=== Begin Enclosure ===

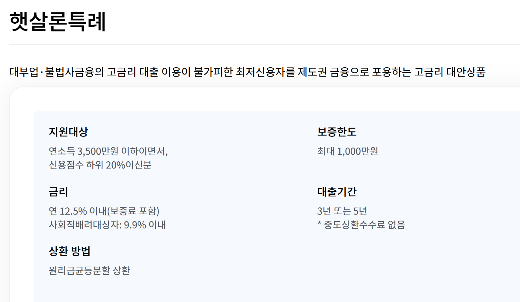 - ✅ 햇살론 특례는 연소득 3,500만 원 이하 + 신용 하위 20%인 최저신용자 전용, 최대 1,000만 원 · 연 12.5% 이내
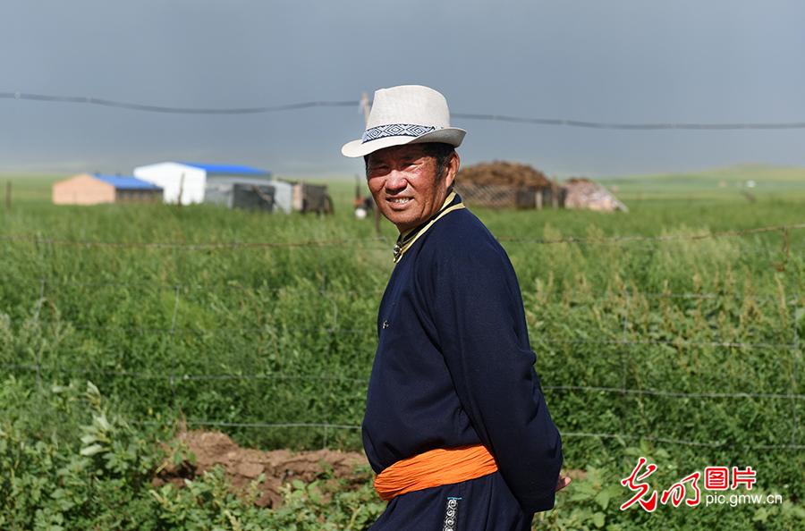 光明網(wǎng)訊(記者 趙艷艷 潘迪 李剛)提起其日麥拉圖,在陳巴爾虎旗的牧民中可謂無人不知、無人不曉。60年前,其日麥拉圖作為一名上海孤兒被內(nèi)蒙古自治區(qū)接到草原撫養(yǎng);60年來,其日麥拉圖加入了黨組織,于1995年擔任陳巴爾虎旗東烏珠爾蘇木海拉圖嘎查書記,一干就是八年。圖為2020年8月2日,其日麥拉圖在自家牧場。(潘迪攝/光明圖片)
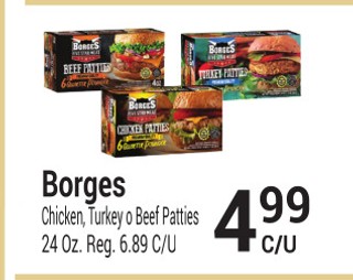 Borges chicken, turkey o beef patties 24 oz.
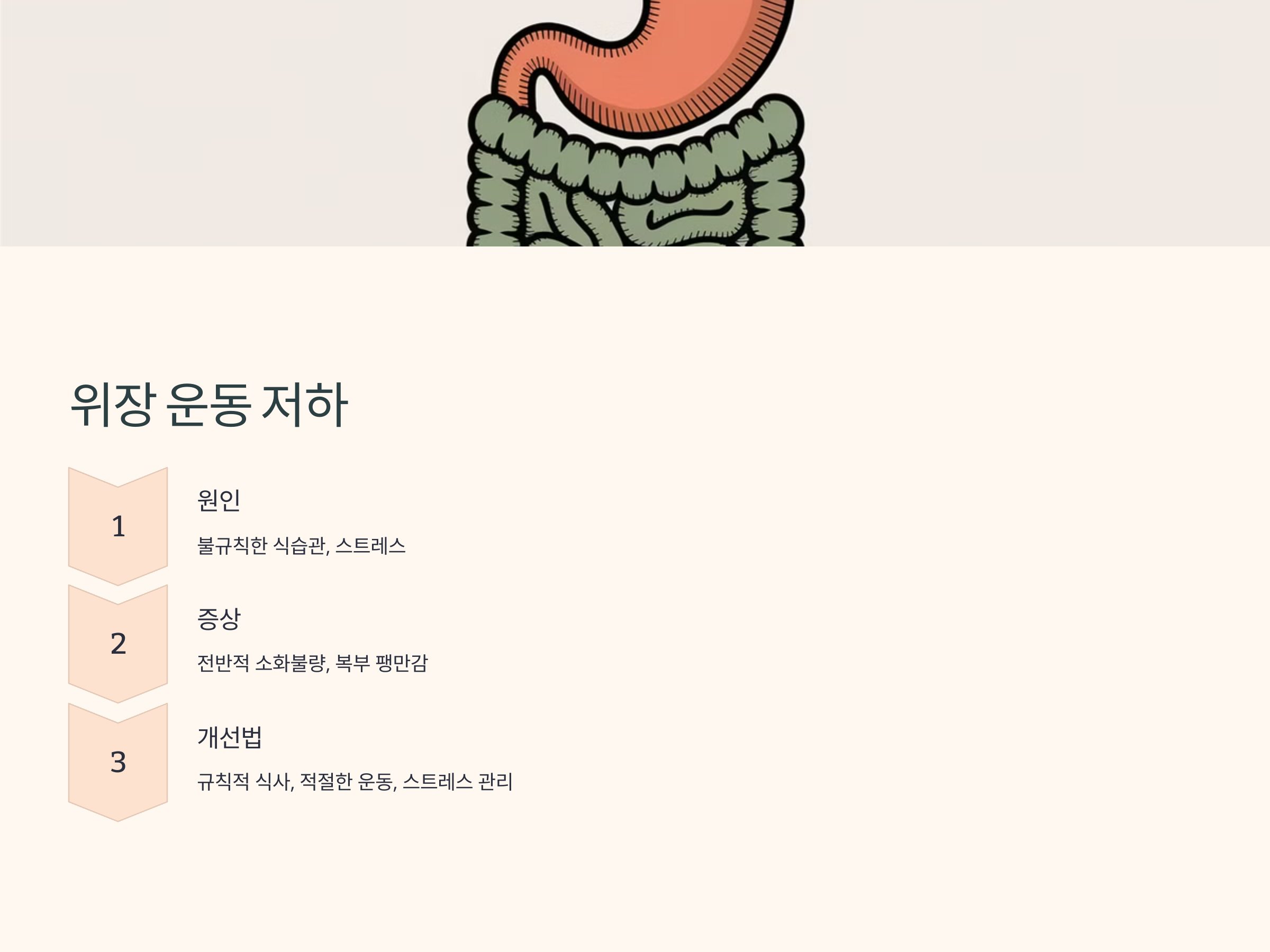 - 불규칙한 식습관: 과식이나 불규칙한 식사는 위장 운동을 저하시킬 수 있습니다.

=== End Enclosure ===

(YOUR ASSIGNMENT): Quote the lines above exactly, starting with the one that has "光明網(wǎng)訊(記者 趙艷艷 潘迪" and ending with the one that has "Borges chicken, turkey o beef patties 24 oz."; drop the pictures and include nothing else.

(RESPONSE):
 光明網(wǎng)訊(記者 趙艷艷 潘迪 李剛)提起其日麥拉圖,在陳巴爾虎旗的牧民中可謂無人不知、無人不曉。60年前,其日麥拉圖作為一名上海孤兒被內(nèi)蒙古自治區(qū)接到草原撫養(yǎng);60年來,其日麥拉圖加入了黨組織,于1995年擔任陳巴爾虎旗東烏珠爾蘇木海拉圖嘎查書記,一干就是八年。圖為2020年8月2日,其日麥拉圖在自家牧場。(潘迪攝/光明圖片)
 Borges chicken, turkey o beef patties 24 oz.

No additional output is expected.